Identifying and Characterizing Behavioral Classes of Radicalization within the QAnon Conspiracy on Twitter

Authors

  • Emily L. Wang Information Sciences Institute, Viterbi School of Engineering, University of Southern California, CA, USA Northwestern University, IL, USA
  • Luca Luceri Information Sciences Institute, Viterbi School of Engineering, University of Southern California, CA, USA
  • Francesco Pierri Information Sciences Institute, Viterbi School of Engineering, University of Southern California, CA, USA Politecnico di Milano, Milan, Italy
  • Emilio Ferrara Information Sciences Institute, Viterbi School of Engineering, University of Southern California, CA, USA

DOI:

https://doi.org/10.1609/icwsm.v17i1.22197

Keywords:

Social network analysis; communities identification; expertise and authority discovery, Credibility of online content, Organizational and group behavior mediated by social media; interpersonal communication mediated by social media, Subjectivity in textual data; sentiment analysis; polarity/opinion identification and extraction, linguistic analyses of social media behavior

Abstract

Social media provide a fertile ground where conspiracy theories and radical ideas can flourish, reach broad audiences, and sometimes lead to hate or violence beyond the online world itself. QAnon represents a notable example of a political conspiracy that started out on social media but turned mainstream, in part due to public endorsement by influential political figures. Nowadays, QAnon conspiracies often appear in the news, are part of political rhetoric, and are espoused by significant swaths of people in the United States. It is therefore crucial to understand how such a conspiracy took root online, and what led so many social media users to adopt its ideas. In this work, we propose a framework that exploits both social interaction and content signals to uncover evidence of user radicalization or support for QAnon. Leveraging a large dataset of 240M tweets collected in the run-up to the 2020 US Presidential election, we define and validate a multivariate metric of radicalization. We use that to separate users in distinct, naturally-emerging, classes of behaviors associated with radicalization processes, from self-declared QAnon supporters to hyper-active conspiracy promoters.

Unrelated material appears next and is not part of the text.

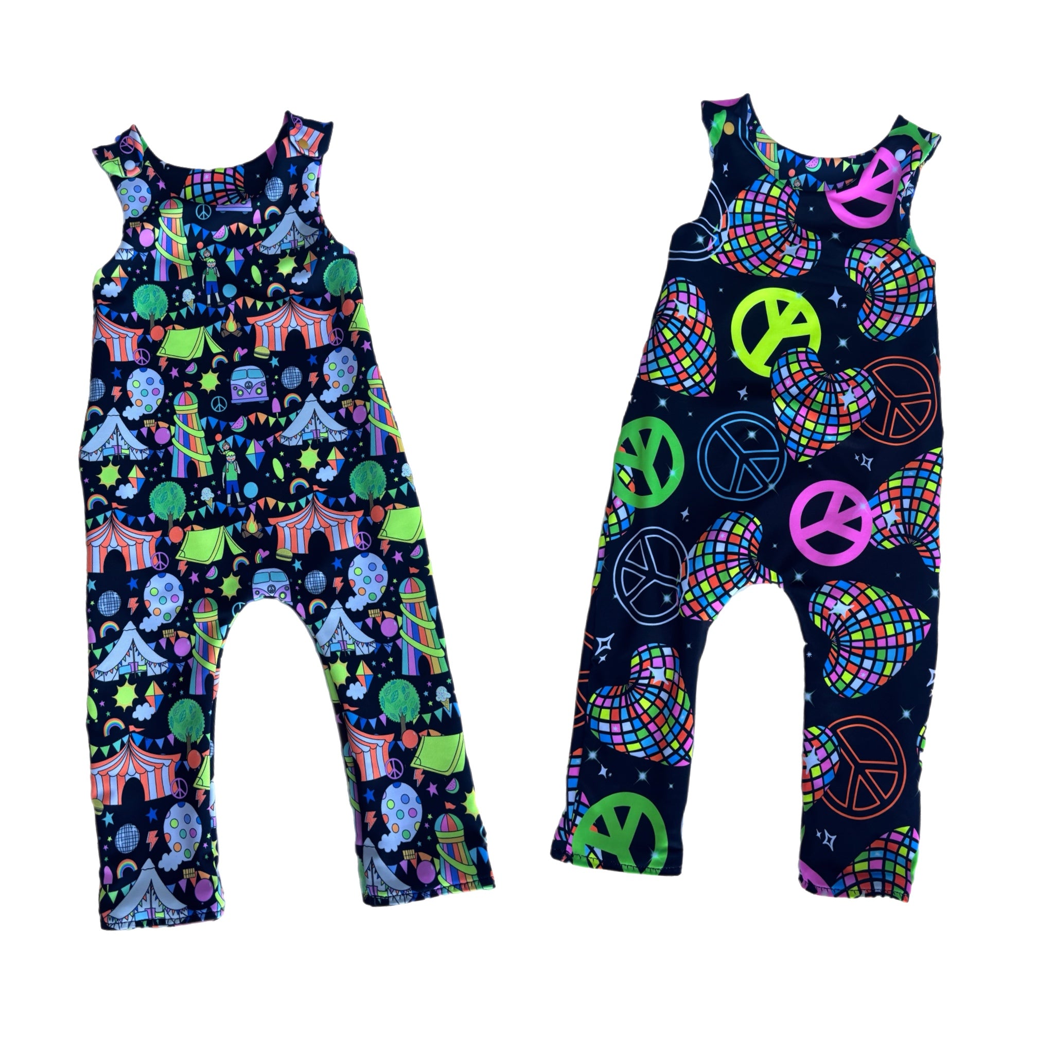 These reversible rompers make the perfect outfit for baby raves, birthdays and festivals.
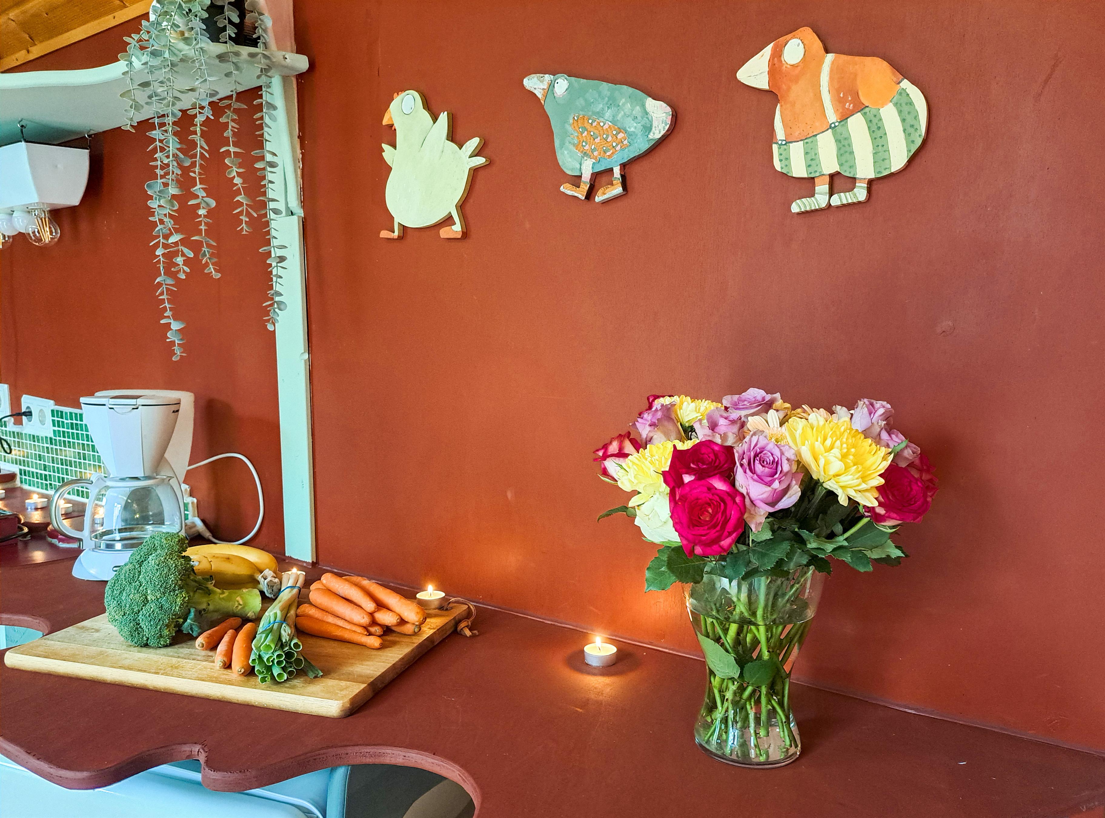 Das hier ist nicht irgendein Fertighaus-Karton, das ist ein farbenfrohes, handgefertigtes Unikat. Eine kleine, leicht überzuckerte Oase - strategisch platziert auf unserer Obstwiese.

We also analyze the impact of Twitter's moderation policies on the interactions among different classes: we discover aspects of moderation that succeed, yielding a substantial reduction in the endorsement received by hyperactive QAnon accounts. But we also uncover where moderation fails, showing how QAnon content amplifiers are not deterred or affected by the Twitter intervention. Our findings refine our understanding of online radicalization processes, reveal effective and ineffective aspects of moderation, and call for the need to further investigate the role social media play in the spread of conspiracies.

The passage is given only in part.